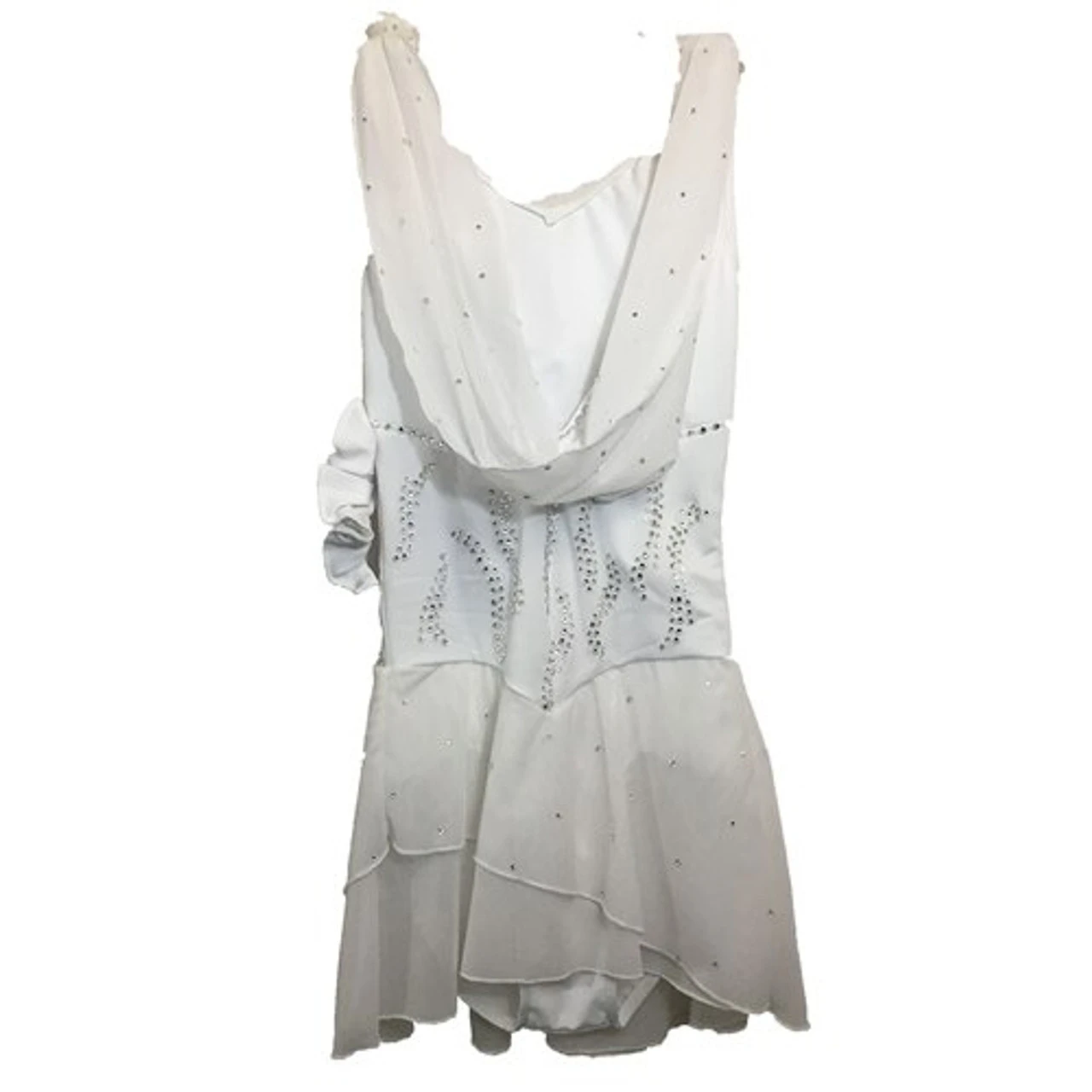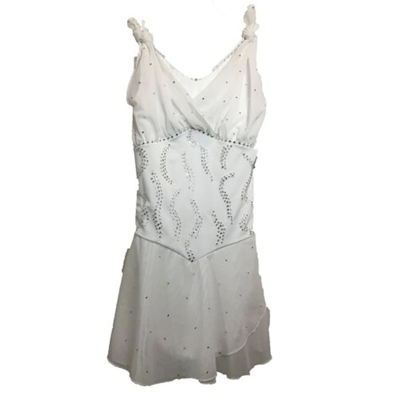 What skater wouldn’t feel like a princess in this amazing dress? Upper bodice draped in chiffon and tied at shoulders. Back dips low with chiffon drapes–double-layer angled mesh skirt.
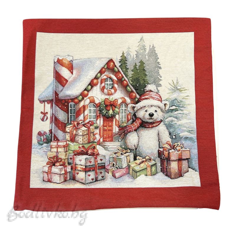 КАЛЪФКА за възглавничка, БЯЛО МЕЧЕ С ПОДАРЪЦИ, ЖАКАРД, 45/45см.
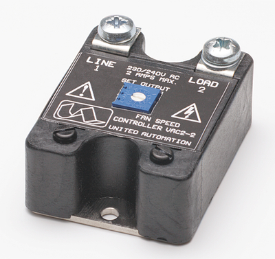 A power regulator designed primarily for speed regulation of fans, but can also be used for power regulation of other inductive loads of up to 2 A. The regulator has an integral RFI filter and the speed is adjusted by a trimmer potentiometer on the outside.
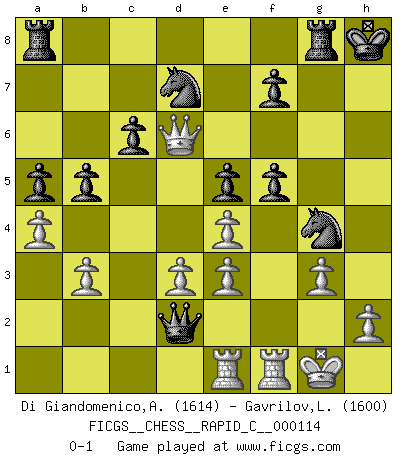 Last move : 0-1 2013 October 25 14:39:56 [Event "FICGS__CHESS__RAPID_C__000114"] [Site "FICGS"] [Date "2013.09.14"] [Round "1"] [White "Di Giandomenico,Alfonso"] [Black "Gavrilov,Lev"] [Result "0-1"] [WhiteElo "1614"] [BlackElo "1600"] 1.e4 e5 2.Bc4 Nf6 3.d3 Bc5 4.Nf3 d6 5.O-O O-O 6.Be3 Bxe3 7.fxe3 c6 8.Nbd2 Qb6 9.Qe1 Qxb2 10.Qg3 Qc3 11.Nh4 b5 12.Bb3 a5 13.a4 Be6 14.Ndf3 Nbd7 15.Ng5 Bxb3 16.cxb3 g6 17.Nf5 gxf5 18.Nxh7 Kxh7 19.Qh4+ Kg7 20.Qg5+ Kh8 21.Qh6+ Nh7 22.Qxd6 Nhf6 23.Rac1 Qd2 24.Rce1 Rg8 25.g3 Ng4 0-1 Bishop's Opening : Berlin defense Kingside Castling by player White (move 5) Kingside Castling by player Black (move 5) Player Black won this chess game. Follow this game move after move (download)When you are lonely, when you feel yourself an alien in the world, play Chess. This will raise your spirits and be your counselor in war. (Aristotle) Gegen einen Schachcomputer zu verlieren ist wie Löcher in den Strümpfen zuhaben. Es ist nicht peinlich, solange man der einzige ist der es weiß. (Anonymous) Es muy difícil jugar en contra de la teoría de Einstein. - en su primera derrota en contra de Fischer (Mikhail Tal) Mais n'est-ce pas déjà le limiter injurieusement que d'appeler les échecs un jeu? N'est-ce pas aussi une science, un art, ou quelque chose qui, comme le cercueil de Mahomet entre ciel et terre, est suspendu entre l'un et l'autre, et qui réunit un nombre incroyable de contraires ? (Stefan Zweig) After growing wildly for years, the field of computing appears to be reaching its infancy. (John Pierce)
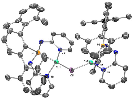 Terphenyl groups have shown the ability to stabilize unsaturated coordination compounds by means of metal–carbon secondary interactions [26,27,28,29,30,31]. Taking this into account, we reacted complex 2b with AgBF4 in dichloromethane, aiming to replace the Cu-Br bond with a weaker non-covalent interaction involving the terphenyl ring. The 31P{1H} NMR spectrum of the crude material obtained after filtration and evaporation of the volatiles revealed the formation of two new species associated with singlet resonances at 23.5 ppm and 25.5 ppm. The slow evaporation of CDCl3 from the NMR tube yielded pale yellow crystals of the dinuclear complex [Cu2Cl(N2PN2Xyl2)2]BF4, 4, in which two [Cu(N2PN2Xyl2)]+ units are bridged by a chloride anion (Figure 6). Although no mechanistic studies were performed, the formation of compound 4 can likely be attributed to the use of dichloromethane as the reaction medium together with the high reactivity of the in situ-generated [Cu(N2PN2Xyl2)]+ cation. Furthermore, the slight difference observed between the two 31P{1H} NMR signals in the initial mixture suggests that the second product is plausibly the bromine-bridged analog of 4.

● Assigned task
Print the full listing exactly, dropping the pictures.

● Written solution
 What skater wouldn’t feel like a princess in this amazing dress? Upper bodice draped in chiffon and tied at shoulders. Back dips low with chiffon drapes–double-layer angled mesh skirt.
 КАЛЪФКА за възглавничка, БЯЛО МЕЧЕ С ПОДАРЪЦИ, ЖАКАРД, 45/45см.
 A power regulator designed primarily for speed regulation of fans, but can also be used for power regulation of other inductive loads of up to 2 A. The regulator has an integral RFI filter and the speed is adjusted by a trimmer potentiometer on the outside.
 Last move : 0-1 2013 October 25 14:39:56 [Event "FICGS__CHESS__RAPID_C__000114"] [Site "FICGS"] [Date "2013.09.14"] [Round "1"] [White "Di Giandomenico,Alfonso"] [Black "Gavrilov,Lev"] [Result "0-1"] [WhiteElo "1614"] [BlackElo "1600"] 1.e4 e5 2.Bc4 Nf6 3.d3 Bc5 4.Nf3 d6 5.O-O O-O 6.Be3 Bxe3 7.fxe3 c6 8.Nbd2 Qb6 9.Qe1 Qxb2 10.Qg3 Qc3 11.Nh4 b5 12.Bb3 a5 13.a4 Be6 14.Ndf3 Nbd7 15.Ng5 Bxb3 16.cxb3 g6 17.Nf5 gxf5 18.Nxh7 Kxh7 19.Qh4+ Kg7 20.Qg5+ Kh8 21.Qh6+ Nh7 22.Qxd6 Nhf6 23.Rac1 Qd2 24.Rce1 Rg8 25.g3 Ng4 0-1 Bishop's Opening : Berlin defense Kingside Castling by player White (move 5) Kingside Castling by player Black (move 5) Player Black won this chess game. Follow this game move after move (download)When you are lonely, when you feel yourself an alien in the world, play Chess. This will raise your spirits and be your counselor in war. (Aristotle) Gegen einen Schachcomputer zu verlieren ist wie Löcher in den Strümpfen zuhaben. Es ist nicht peinlich, solange man der einzige ist der es weiß. (Anonymous) Es muy difícil jugar en contra de la teoría de Einstein. - en su primera derrota en contra de Fischer (Mikhail Tal) Mais n'est-ce pas déjà le limiter injurieusement que d'appeler les échecs un jeu? N'est-ce pas aussi une science, un art, ou quelque chose qui, comme le cercueil de Mahomet entre ciel et terre, est suspendu entre l'un et l'autre, et qui réunit un nombre incroyable de contraires ? (Stefan Zweig) After growing wildly for years, the field of computing appears to be reaching its infancy. (John Pierce)
 Terphenyl groups have shown the ability to stabilize unsaturated coordination compounds by means of metal–carbon secondary interactions [26,27,28,29,30,31]. Taking this into account, we reacted complex 2b with AgBF4 in dichloromethane, aiming to replace the Cu-Br bond with a weaker non-covalent interaction involving the terphenyl ring. The 31P{1H} NMR spectrum of the crude material obtained after filtration and evaporation of the volatiles revealed the formation of two new species associated with singlet resonances at 23.5 ppm and 25.5 ppm. The slow evaporation of CDCl3 from the NMR tube yielded pale yellow crystals of the dinuclear complex [Cu2Cl(N2PN2Xyl2)2]BF4, 4, in which two [Cu(N2PN2Xyl2)]+ units are bridged by a chloride anion (Figure 6). Although no mechanistic studies were performed, the formation of compound 4 can likely be attributed to the use of dichloromethane as the reaction medium together with the high reactivity of the in situ-generated [Cu(N2PN2Xyl2)]+ cation. Furthermore, the slight difference observed between the two 31P{1H} NMR signals in the initial mixture suggests that the second product is plausibly the bromine-bridged analog of 4.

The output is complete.